Счастье. Одно сплошное счастье. Красивая и здоровая дочка, и черт с ней, с больницей, и с обидами на Юльку. Все прошло, все забыто, и Юльке надо сказать спасибо и еще извиниться, объяснить, что это гормоны. Счастье, что Лешка и не думал обижаться и счастлив до небес, дочку с рук не спускает! И он нежен с Марусей, так нежен, что кружится голова. А может, она кружится от недосыпа? И все между ними как раньше. Нет, не как раньше, а в сто раз лучше! Лучше и ярче, крепче и сильнее. И ничего, ничего не может сломать и разрушить их любовь. Теперь-то уж точно – теперь, когда у них есть Томочка. И Лешку своего она любит так сильно, что щемит сердце. Какая она счастливая, как ей повезло! Только ужасно, что Лешкин отпуск подходит к концу и ему скоро придется отправиться в часть, к месту приписки. Он ни разу не пожаловался, как было трудно в походе. Только «все хорошо, ничего сложного, это моя профессия». Ее героический муж, морской офицер. А она жена офицера, и ей предстоит растить дочь, беречь очаг, писать письма, скучать и ждать, ждать, ждать…

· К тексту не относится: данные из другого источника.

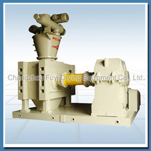 3) Force-feeding screw hopper: It is composed of variable frequency motor, cone helix, stirring knife tooth and cone feeding hopper with visual glass window as well as feeding mouth assemblies and so on. Its function is to further achieve degassing and perform pressure feeding.

Эту судьбу она выбрала добровольно. И, кажется, ничуть не жалеет! Но через две недели Леша уедет, и это ужасно.
А она? Разве они с Томочкой не поедут с ним? Или она не заметила, как все решила и договорилась с собой? Все правильно, Томочке лучше побыть полгода здесь, в столице, где и врачи, и теплое лето, и свежие продукты. Хотя бы первые полгода, а? Так же лучше для ребенка, правда?
Маруся, признайся, ты не хочешь уезжать из Москвы. Ответь честно хотя бы себе – ты ищешь повод! А, Юлькина свадьба! Вот и повод, и повод серьезный. Что ты еще, Маруся, придумаешь? Что еще сочинишь, чтобы остаться?
Ты боишься возвращаться в поселок, боишься остаться без Асиной помощи, Асина помощь незаменима. Ты боишься неудобств, не хочешь возвращаться в свою убогую комнату, не хочешь наблюдать вид из окна, который вгоняет тебя в тоску и безнадегу. Ты боишься одиночества, стылого ветра, верных, но навязчивых соседок. Продавщицу Тоньку боишься и ее вечных окриков, от которых ты теряешь сознание. Ты не хочешь туда, Маруся! Не хочешь, при всей твоей неземной любви к мужу. Ну вот, дело сделано – очень важное дело, – ты призналась себе. Остается самая малость – признаться в этом мужу. Он благородный человек, и вполне возможно, что он тебя поймет. Или постарается тебя понять. В общем так, есть два выхода. Первый – сказать Алеше всю правду, дескать, люблю и хочу прожить с тобой всю жизнь, но жить в городке не могу. Считай меня кем угодно, я такая и есть – слабая, трусливая, избалованная. Презирай меня, я и сама себя презираю, но это правда. Ну и второй – что-то придумать, соврать. Ну хорошо, Юлькина свадьба. А что дальше? Придется врать про Томочку. А это… невозможно. Потому что отвратительно и низко. Или говорить, что нельзя оставить папу, но и это отвратительно и низко.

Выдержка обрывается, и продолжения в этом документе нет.